Meeting his gaze again and finding it no less disturbing, I said, “I guess it wasn’t Kenny.”
He closed his eyes and took a deep breath, his face squinched as if he must be preparing himself for a difficult revelation.
For an instant I considered bolting for the nearer door, but I was afraid that by trying to flee I would put the lie to my pretense of friendship, motivating the forsaken Kenny to shoot me in the back.
Although they were to one degree or another eccentric, everyone else at Roseland tried to maintain an air of normalcy. This colorful giant, this walking armory with screaming-hyena tattoos snarling on his massive arms, made no such effort. I found it all but impossible to see him working with the other members of the estate-security team whom I had met. The safest assumption was that he was not a Roseland guard and not to be trusted for a second.
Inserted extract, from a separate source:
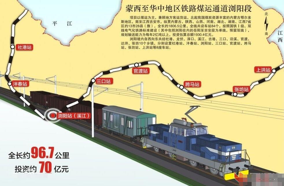 蒙華鐵路是國內最長運煤專線——蒙西到華中煤運鐵路,北起內蒙古浩勒報吉站,終點到達江西省吉安市,線路全長1837公里,規(guī)劃設計輸送能力為2億噸/年。

He took another deep breath, blew it out, opened his eyes, and said, “My born first name was Jack. They named me Jack Keister.”
“That’s just cruel, sir.”
“Sonofabitch bastards,” he said, which I inferred to be a less infuriated reference to his parents. “I got teased from day one in preschool, the little sonsofbitches couldn’t even wait till first grade. Minute I turned eighteen, I went to court to change my name.”
I almost said To Kenny Keister? but fortunately held my tongue.
“Kenneth Randolph Fitzgerald Mountbatten,” he said, rolling the names across his tongue with all the authority of the finest British stage actor.
“Impressive,” I declared, “and may I say, exactly fitting.”
He almost blushed with pleasure. “They’re names I always liked, so I strung ’em together.”